ENHANCING SECOND LANGUAGE WRITING ASSESSMENT THROUGH NATURAL LANGUAGE PROCESSING: A CORPUS-BASED STUDY
DOI:
https://doi.org/10.63878/jalt1019Keywords:
Natural Language Processing (NLP), Second Language Writing, DECOR Framework, EFCAMDAT Corpus, Automated Writing Assessment.Abstract
This study investigates the role of Natural Language Processing (NLP) in enhancing second language (L2) writing assessment, with a specific focus on coherence and cohesion. Utilizing the DECOR (Detect, Explain, and Rewrite) framework, this research applies advanced NLP techniques to analyze and improve the logical flow of learner texts. A representative dataset is extracted from the EF-Cambridge Open Language Database (EFCAMDAT), which contains over one million texts written by English learners across CEFR levels.

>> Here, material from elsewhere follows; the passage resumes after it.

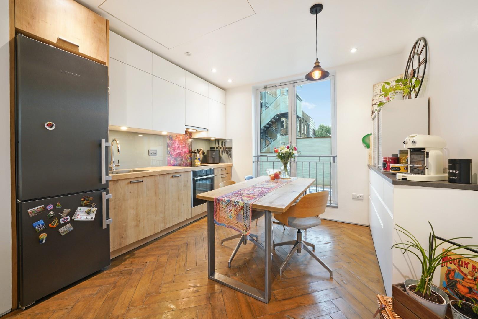 The open plan reception and kitchen, complete with high end appliances, form the centre of the home, with excellent natural light creating an inviting and versatile area for day-to-day living. The property enjoys its own private front door, enhancing the sense of independence and privacy that is hard to find in such a central location.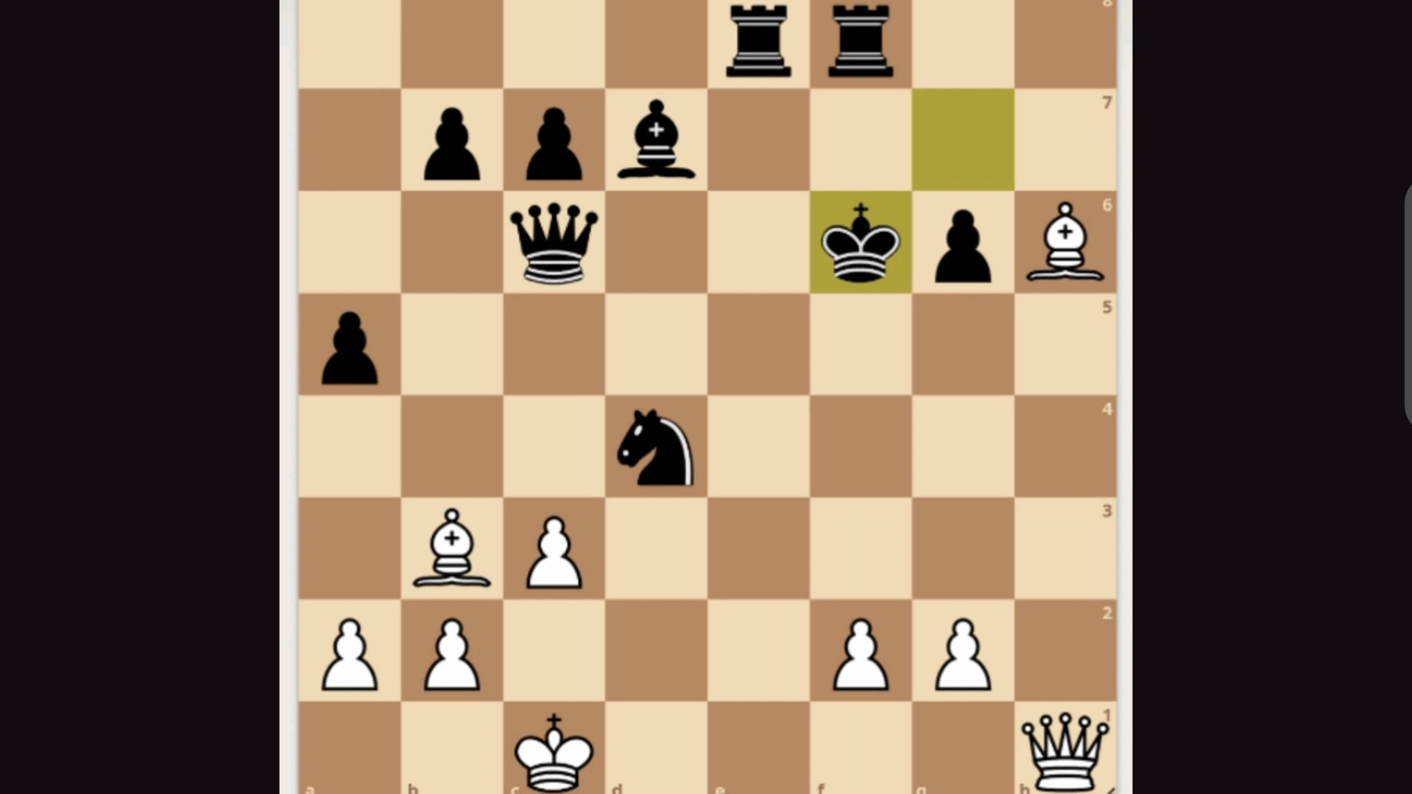 Шахматная задача. Выигрышная позиция. Белые начинают и ставят мат противнику за три хода. Chess problem. White starts and checkmate the opponent in three moves. [Event "Casual correspondence game"] [Site "https://lichess.org/Uyywz23l"] [Date "2025.05.11"] [White "_"] [Black "lichess AI level 8"] [Result "1-0"] [GameId "Uyywz23l"] [UTCDate "2025.05.11"] [UTCTime "18:05:23"] [WhiteElo "1500"] [BlackElo "?"] [Variant "From Position"] [TimeControl "-"] [ECO "?"] [Opening "?"] [Termination "Normal"] [FEN "4rr2/1ppb4/2q2kpB/p7/3n4/1BP5/PP3PP1/2K4Q w - - 4 27"] [SetUp "1"] [Annotator "lichess.org"] 27. Qh4+ Ke5 28. Qxd4+ Kf5 29. Qf4# { White wins by checkmate. } 1-0

The corpus provides rich metadata and revision history, enabling a comprehensive analysis of L2 writing development. The study employs a hybrid methodology, combining automated coherence detection and rewriting using DECOR with corpus-based feature extraction and manual evaluation. Results are evaluated by comparing pre- and post-revision drafts, examining the effectiveness of NLP-generated feedback in improving coherence and lexical cohesion. This research not only highlights recurring coherence challenges faced by L2 learners but also demonstrates the pedagogical potential of integrating NLP tools into writing instruction. By aligning computational output with human assessment practices, the study offers insights into the evolving relationship between applied linguistics and artificial intelligence, advocating for data-driven, scalable, and learner-centered approaches to writing assessment in multilingual education contexts.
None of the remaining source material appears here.